London College of Fashion was awarded British Psychological Society’s 2016 Innovative Accredited Psychology Programme Award for MSc Applied Psychology in Fashion, an award that recognises innovative and creative design or delivery of psychology programmes.
Prof. Carolyn Mair, the Course Leader for MSc Applied Psychology in Fashion and MA Psychology for Fashion Professionals, is to be presented with an award for Innovation in Psychology Programmes 2016 at the British Psychological Society’s (BPS) annual conference next year. The award recognises her work developing the first and only course in the world to apply psychology specifically in the context of fashion. The course was a joint winner with University of Edinburgh Psychology Department.
LCF News spoke to Dr. Carolyn Mair Ph.D. after the announcement to find out more about the award and what it means for students.
Congratulations on MSc Applied Psychology in Fashion winning the BPS Innovative Accredited Programme Award 2016. What thoughts were going through your head when you heard the news and what does it mean for the course?
Thank you! My thoughts were this is great news! It was a lot of work to put the nomination together and as we were runner-up in 2015, I was very keen to win this year! For the course, it really unpins its creativity and innovation. It means it’s really different from any other course (which we know as the 2 Masters here are still the only ones in the world). It also means that it is highly valued by the British Psychological Society. This is really important for Psychologists as the BPS is the professional body for Psychologists in the UK with approximately 60,000 members. Accredited courses are by definition high quality as the BPS accreditation is a ‘benchmark of quality’ and this award says not only is the course high quality, it is also innovative in a meaningful way.
The panel was particularly impressed how the course broke new ground in arts and science. Why was it so important for you to link fashion and psychology together?

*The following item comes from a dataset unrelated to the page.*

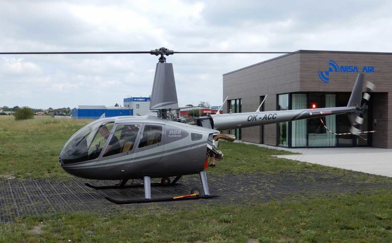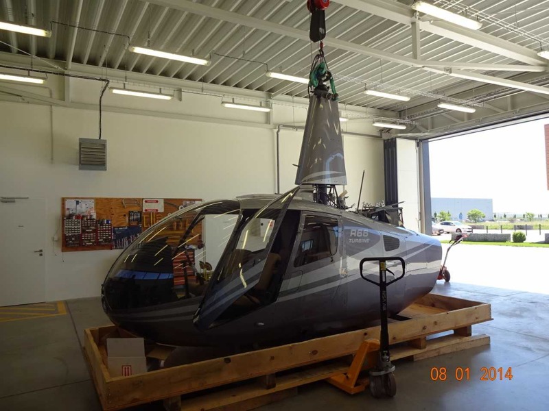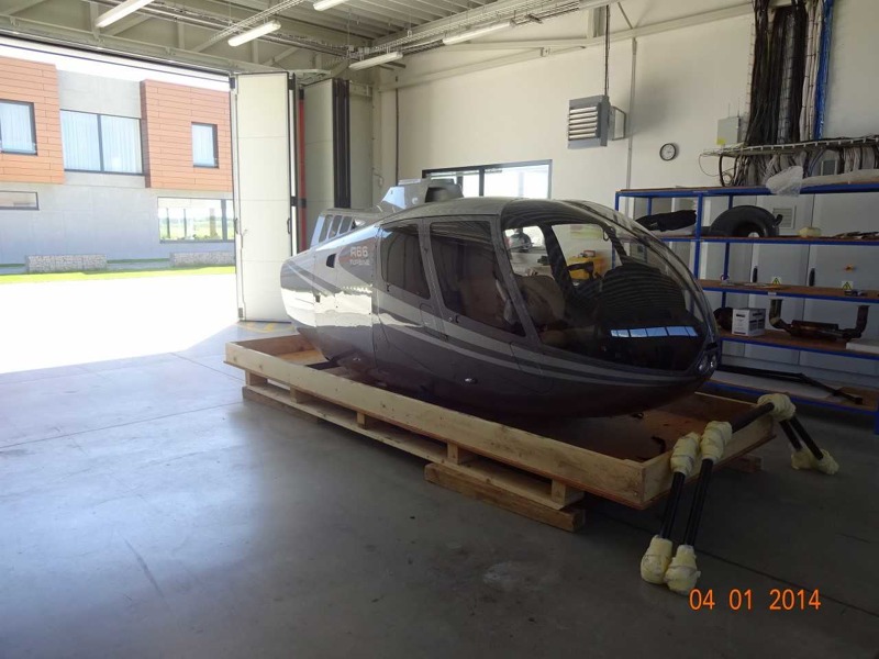 Sem bedny dorazí po absolvování celní přejímky vrtulníku na našem území. Robinson Helicopter Company (RHC) vyrábí tento pětimístný turbínový vrtulník od roku 2010 a společnost NISA AIR je jediným autorizovaným dealerem tohoto vrtulníku pro Českou republiku.
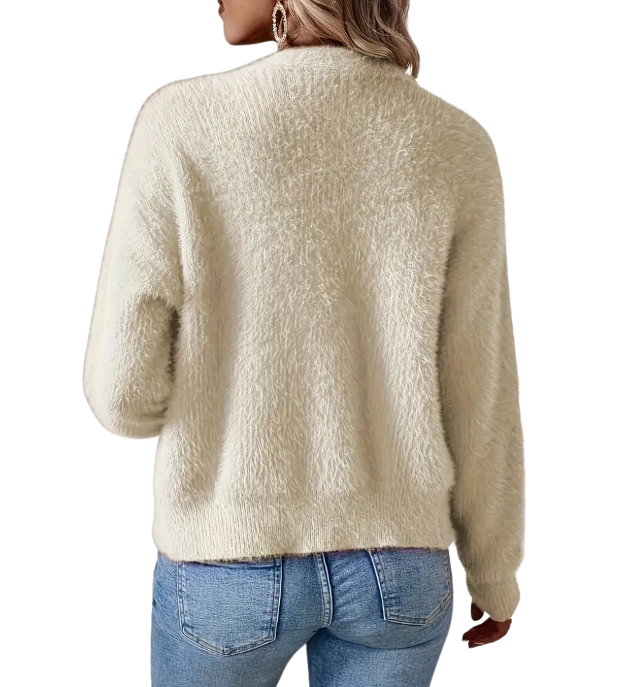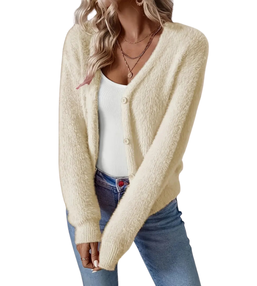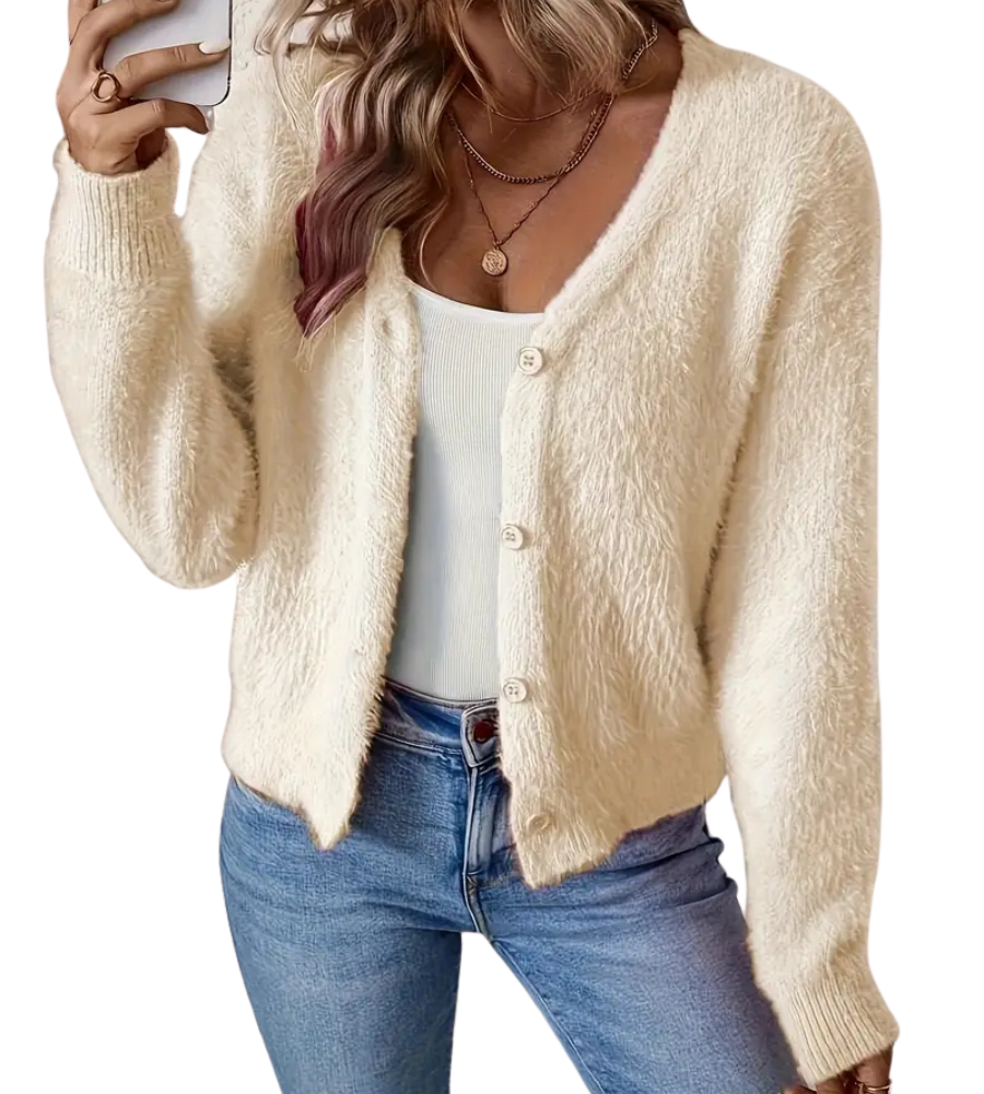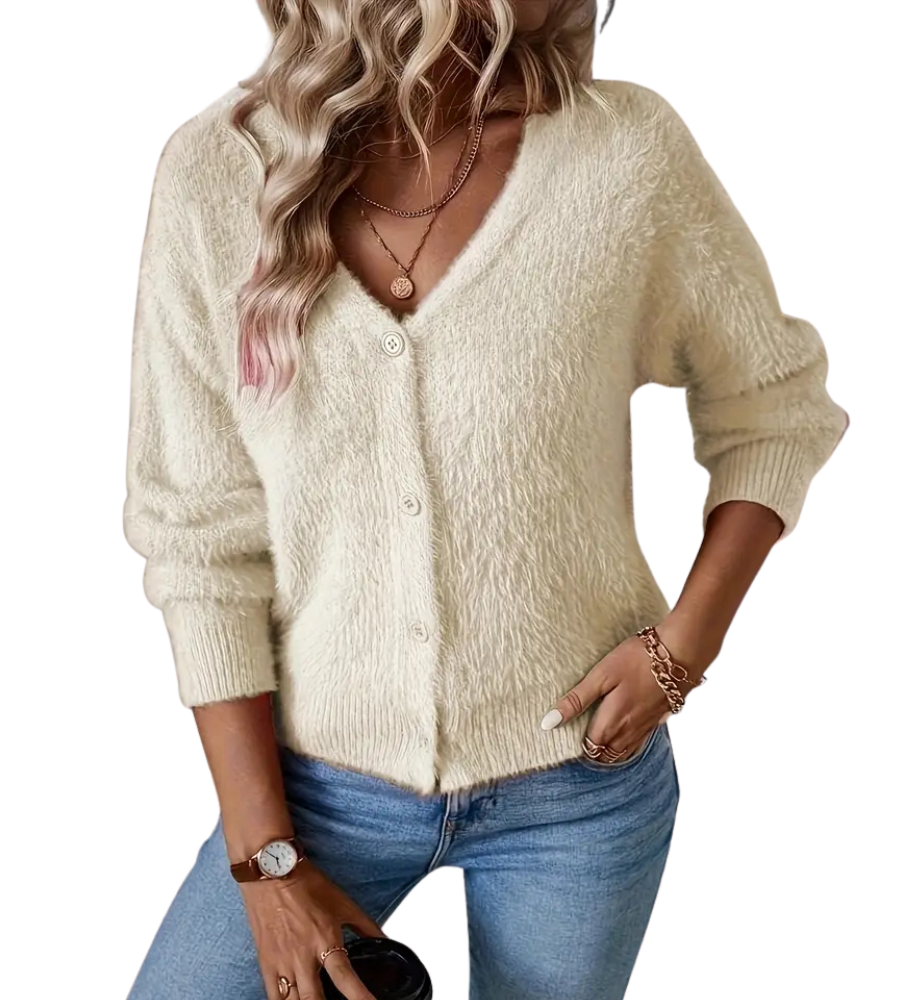 Mit klassischem V-Ausschnitt, kleinen Knöpfen und einer femininen Textur ist dies der Cardigan, den du immer tragen kannst – egal, ob du zu Hause entspannst oder dich für einen gemütlichen Abend mit Freunden kleidest.

I love fashion and the dynamic, creative and aesthetic nature of the industry. I’m fascinated by the concept of creativity and understanding how this operates psychologically. Fashion is our second skin. It is part of our identity and becomes part of the self. Fashion is also a fantastic vehicle to support change for the betterment of everyone. But there’s more to the psychology of fashion than just the clothes we wear. Human behaviour matters across all fashion industries from design, through production, manufacture, marketing, retail, consumption, and disposal. A psychologist can design and implement effective behaviour change programs that really do change behaviour. Psychology can help support people to become more resilient and so when they face adversity, they have resources they can draw on. This is particularly important in the changing and unpredictable world we live in. In my opinion, there has never been a more necessary time to apply psychology in the broad context of fashion.